1. The dawn chorus in Cameroon. Loud and colourful like Cameroon in general. 2. Encounters with elephants immersed in the water on the Ruhudji River. Scenes from deep time.
3. Hearing chimpanzees vocalise in the riverine forest of the Chinko Nature Reserve. This stirs some primal juices. 4. The spring flush of new leaves and flowers in the East African Miombo woodlands and West African savannah respectively. 5. The night fishing in Cameroon is special. The inversion of sun to stars comes with a whole switch in the dynamic of animal behaviour and your own sensory shift towards sound and self-awareness. There are positive spinoffs through scouting, science, reporting, training and poaching prevention that we can contribute to when out and about on the rivers. The status of these areas is always on the line and it feels good to chip in.
5 destinations on your bucket list?
1. Alaska for a foreign big wild fix, and some trout and bears. 2. Mexico for some scenic lifestyle fishing. 3. Cuba for the same reasons as Mexico. 4. Brazil for an iconic Amazonian experience. 5. New Zealand for some beach and back country action.
5 things you would take up if you weren’t always fly fishing?
1. Surfing… 2. … and scuba diving to expand my salt water skill set and horizons. 3. Playing more sport – rugby (Ed: Greg is a Tanzanian test international), cricket and tennis. I’m not ready to hang up the boots for a while yet. 4. Walking safari guiding. I’d love a chance to rack up some more hours in the bush on foot. 5. An intensive grazing land management trial on the farm.
5 essential ingredients for an incredible mission?
1. Wheels – four-wheel drive or two, and some carrying capacity – to put some distance and allow some time away from distractions. 2. Water for any combination of the following: drinking/ swimming/fishing/washing. 3. A couple of comrades; a handful who heed the call. 4. A degree of discomfort. As in, just far out enough of some comfort zones to know you are being tested on some level. 5. An agenda or focal point, even if it never gets done, just to get things started in a direction. A destination, a peak, a point, a quest – a mission, if you will.
5 flies that to look at make no sense but that catch fish all the time?
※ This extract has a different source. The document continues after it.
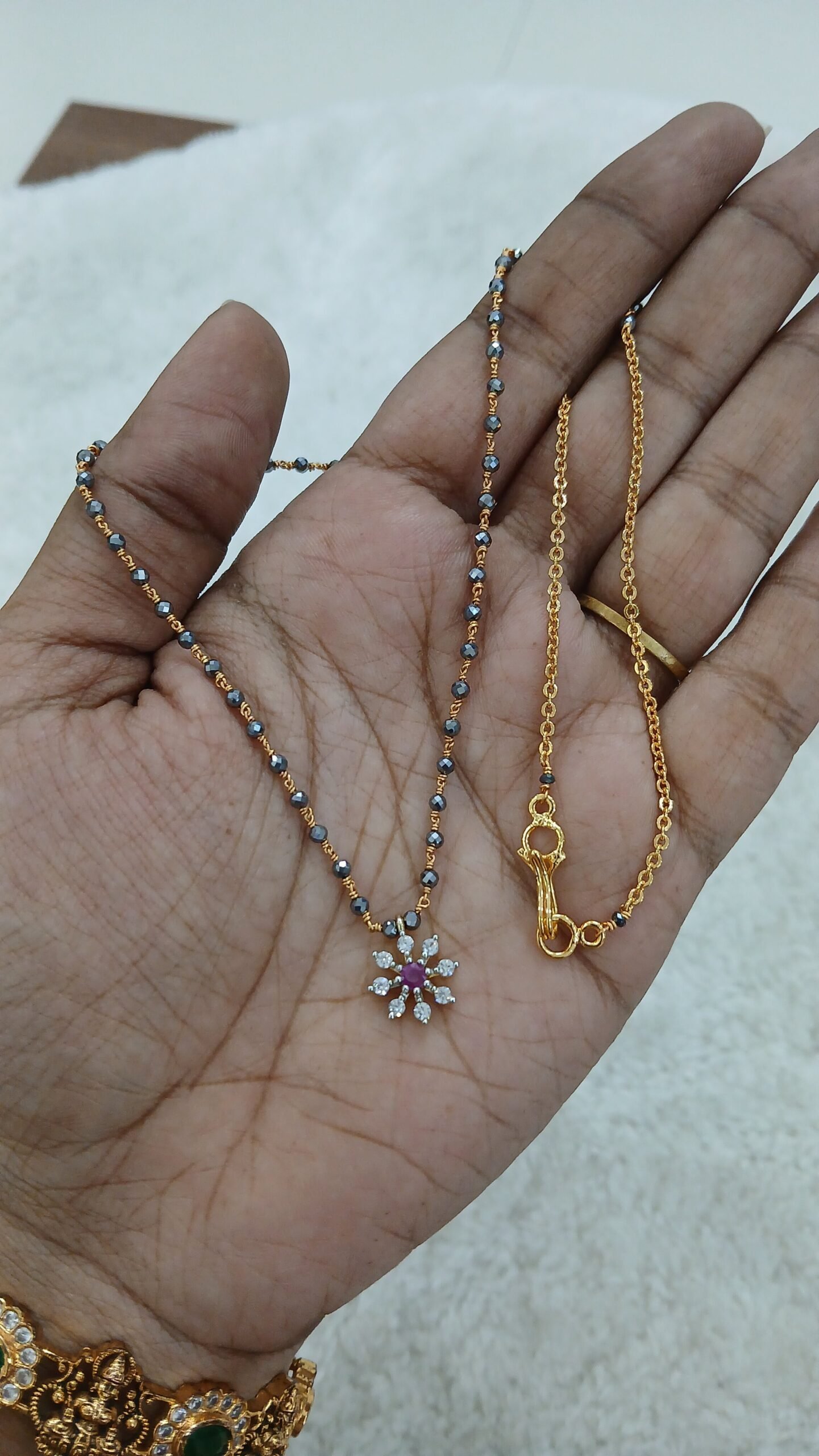 Be the first to review “Pink diamond pendant with black diamonds (Kattu theega)” Cancel reply

1. The colour and some of the material combinations – like huge, spiky, deer hair heads without eyes, and the mystery of EP fibre flies – are hard to explain. 2. Black and purple seems to transcend any water and fish without clearly stating why. 3. Chartreuse working in freshwater stumps me. 4. So does pure black, even in clean water. 5. The UV contrast of different materials while night fishing was a huge eye opener for me. Some combinations do make more sense under torch light, but how or why is another kettle of fish.
5 things about fly fishing that you may never understand?
1. How, in the quest to simplify, streamline and improve fly fishing, anglers now “need” to have more clutter and gear than ever. 2. How the best casts hardly ever catch the fish. 3. How the other side of the river always looks like a better setup. 4. How fly fishing seems to induce unseasonal or unprecedented rain or weather in new destinations. 5. How stationary rods on a boat find a way of tangling themselves.
5 common mistakes that most clients make?
1. Waiting far too long between finding fishing to going fishing again, with their best years in between. 2. Fishing too far and too fast, ignoring the possibility of close-by, cautious fish when covering a lie. 3. Often clients seem to find it easier to cling to their existing knowledge, even of different fish or situations, than to try and step out and try something different. Like what the guide is suggesting... 4. There is a wide spectrum of clients’ ideas of the abilities or duties of the guide. It is somewhere between “I’m a guide, not a God” and “I’m a guide not your dog!” 5. I often feel that the presence of a guide makes people feel like it is now serious business, and that they must be seen to be taking it seriously, or try to prove they are better than they are. There is nothing to hide on a day’s fishing and nowhere to hide it even if you tried.
Your last five casts were to….
… Lazily rolling Goliath tigerfish that were clearly not eating.
From tigerfish in Tanzania (above), to Nile perch in Cameroon (below), where Greg Ghaui guides the freshwater fish are from the heavyweight category.